(Copied from Slack)
Hello fellow Alex! Let me see if I can help.
- I can’t answer your first question with any authority, but I nominate @travis for that.
- With our Ingress Controller Pomerium’s proxy service can act as the load balancer, so services can connect to each other internally through Pomerium. You can configure Pomerium with mTLS, and you can also define client CA roots on a per route basis. With this, you could achieve the same (actually greater) level of security between internal services. My WIP update of our mTLS guide adds instructions for per-route mTLS CA definition (preview).
- You can use
tls_custom_ca
to define custom CAs for specific routes. (reference)
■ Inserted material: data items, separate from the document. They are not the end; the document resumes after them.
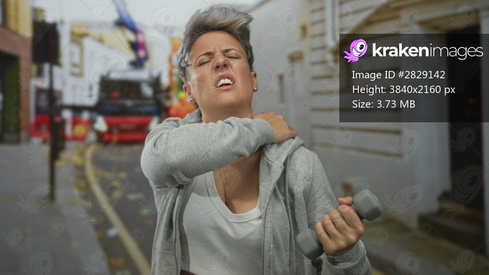 Woman with short hair in gray hoodie lifts dumbbell on city street near a fire truck with a tense grimace; pain.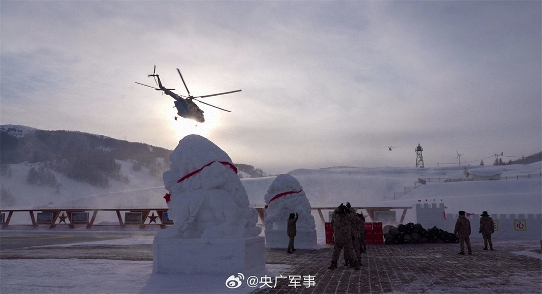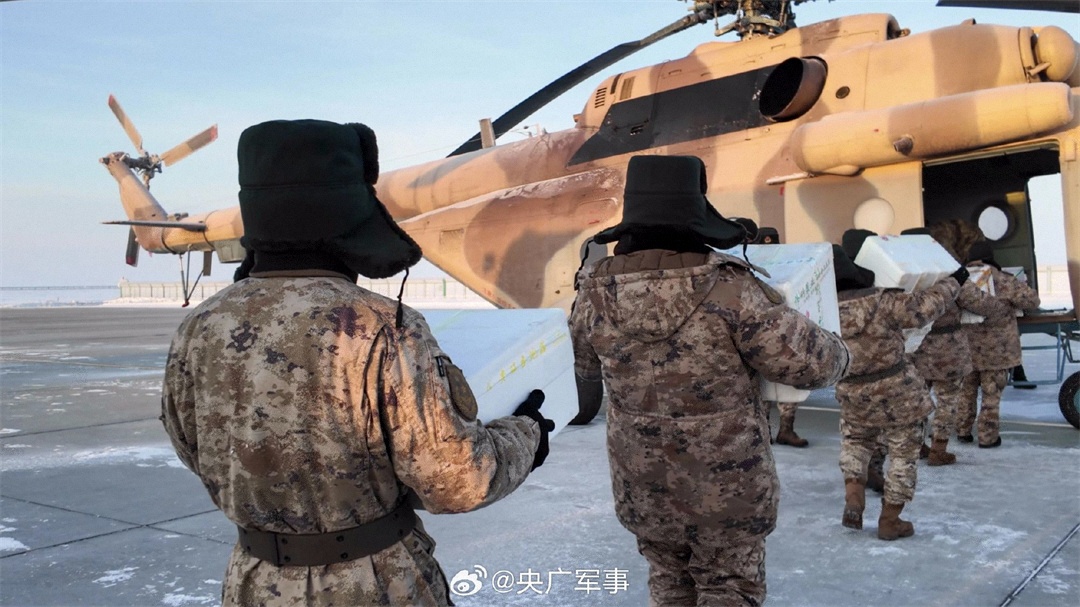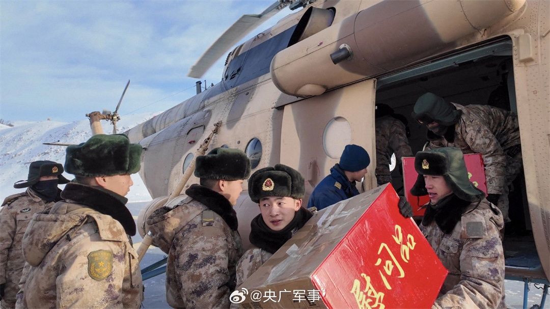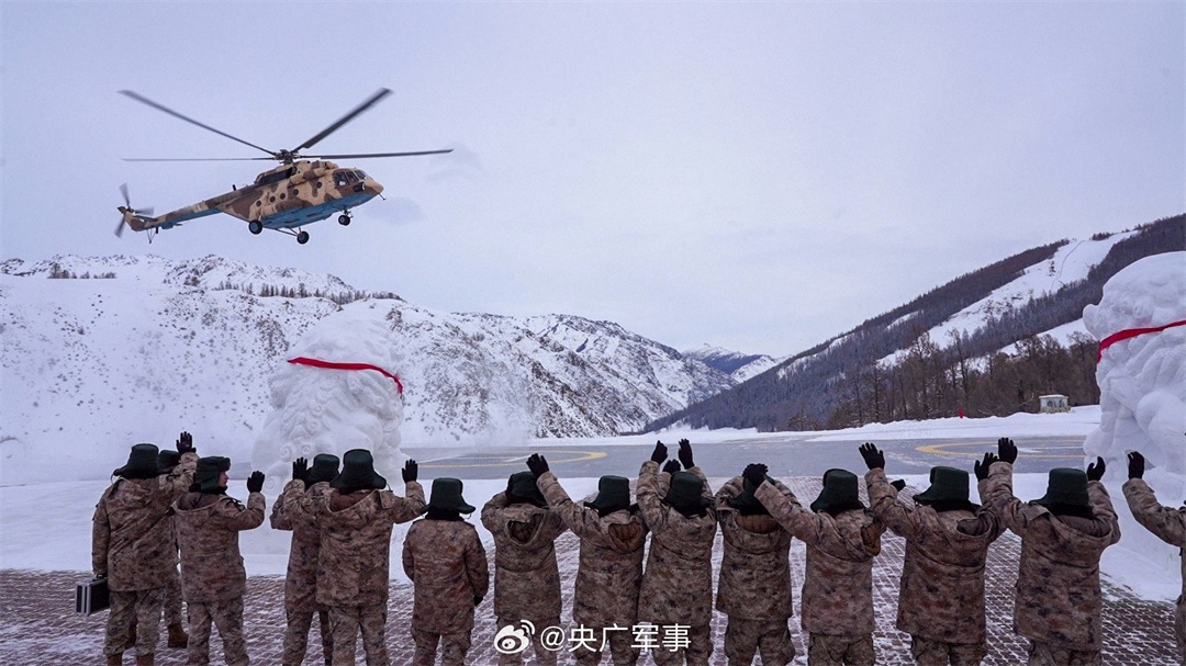 临近春节,新疆军区某陆航旅派出直升机,为位于阿尔泰山深处的红山嘴边防连运送过冬物资。此次运送的物资包括蔬菜、水果、文体器材、生活用品、执勤训练装备等,既满足了官兵们的训练和生活需要,又为“雪海孤岛”送来了暖意和年味。
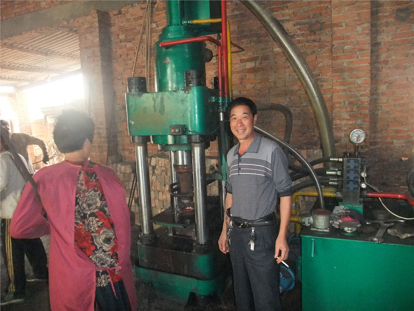 河南鑫源液压全自动热压机加工工艺为:先把原料冷压成直径100mm的块,再把压成的冷压块放到进隧道窑平台,启动顶车机,把冷压块推进隧道窑,启动鼓风机,把火炉里的火吹进隧道窑,把原料烧红900℃左右,启动顶车机,把烧红的块顶到固定位置,用特制工具加入热压机压块机,启动热压机完成压块动作。

An instance of the ingress controller can only work against a single kubernetes API server so you’d be deploying one per cluster.
Additionally, you’d need to run a full Pomerium per cluster as we do not currently support running more than one instance of an ingress controller against a databroker.
This is up to you. If you want to proxy through Pomerium for all inter-service traffic, you’ll probably need the Enterprise product for service account support. There is no requirement for service mTLS to go through Pomerium, however. It depends on your operational and security requirements.
In case it is relevant, Pomerium also supports mTLS when communicating with upstreams though you may not need this if you’re running a mesh service for mTLS.
Pomerium can use a custom CA for upstream connections and this can be completely independent of downstream user facing certificate chains.